• Directions:
Retype the lines of the material below, exactly and only, from the one containing "平均每升出口金额为1368日" through the last line, with pictures left out.

• Data:
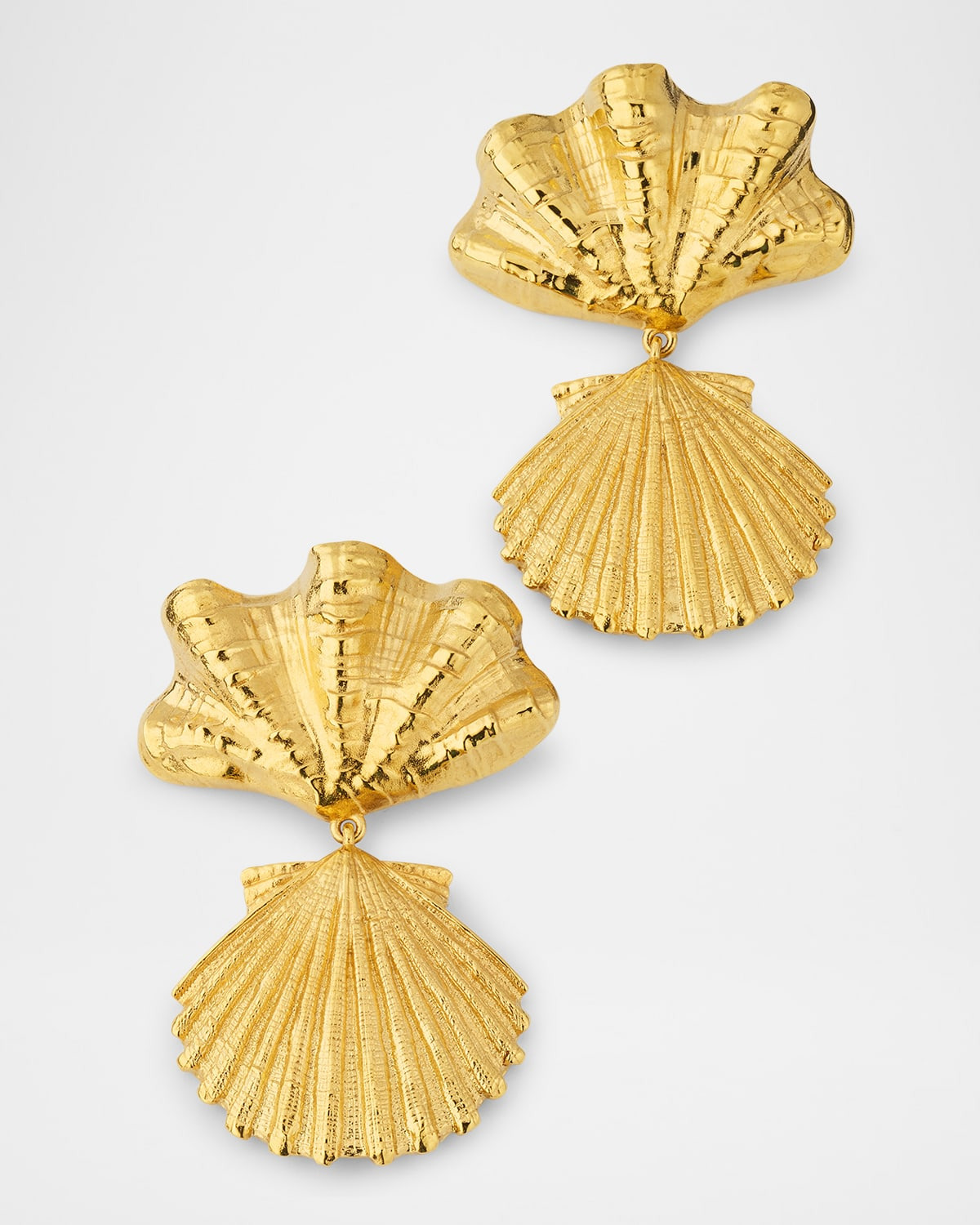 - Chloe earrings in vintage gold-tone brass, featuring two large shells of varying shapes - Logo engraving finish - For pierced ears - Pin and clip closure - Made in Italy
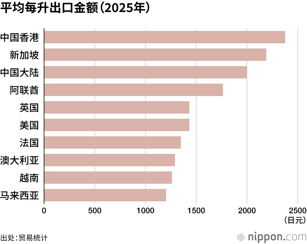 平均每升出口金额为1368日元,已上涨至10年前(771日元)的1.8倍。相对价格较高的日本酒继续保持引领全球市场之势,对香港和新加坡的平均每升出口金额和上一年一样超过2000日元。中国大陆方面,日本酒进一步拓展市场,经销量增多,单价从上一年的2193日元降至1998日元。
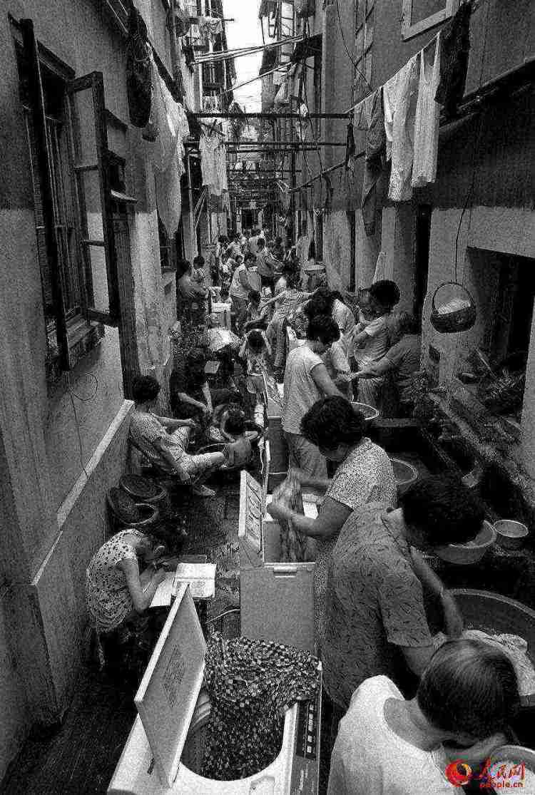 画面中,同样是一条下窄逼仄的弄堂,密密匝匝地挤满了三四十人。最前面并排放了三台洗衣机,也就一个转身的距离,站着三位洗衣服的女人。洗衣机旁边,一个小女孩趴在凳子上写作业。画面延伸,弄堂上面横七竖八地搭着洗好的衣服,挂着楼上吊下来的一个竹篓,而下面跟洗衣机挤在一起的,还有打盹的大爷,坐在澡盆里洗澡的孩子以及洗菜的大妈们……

• Written answer:
 平均每升出口金额为1368日元,已上涨至10年前(771日元)的1.8倍。相对价格较高的日本酒继续保持引领全球市场之势,对香港和新加坡的平均每升出口金额和上一年一样超过2000日元。中国大陆方面,日本酒进一步拓展市场,经销量增多,单价从上一年的2193日元降至1998日元。
 画面中,同样是一条下窄逼仄的弄堂,密密匝匝地挤满了三四十人。最前面并排放了三台洗衣机,也就一个转身的距离,站着三位洗衣服的女人。洗衣机旁边,一个小女孩趴在凳子上写作业。画面延伸,弄堂上面横七竖八地搭着洗好的衣服,挂着楼上吊下来的一个竹篓,而下面跟洗衣机挤在一起的,还有打盹的大爷,坐在澡盆里洗澡的孩子以及洗菜的大妈们……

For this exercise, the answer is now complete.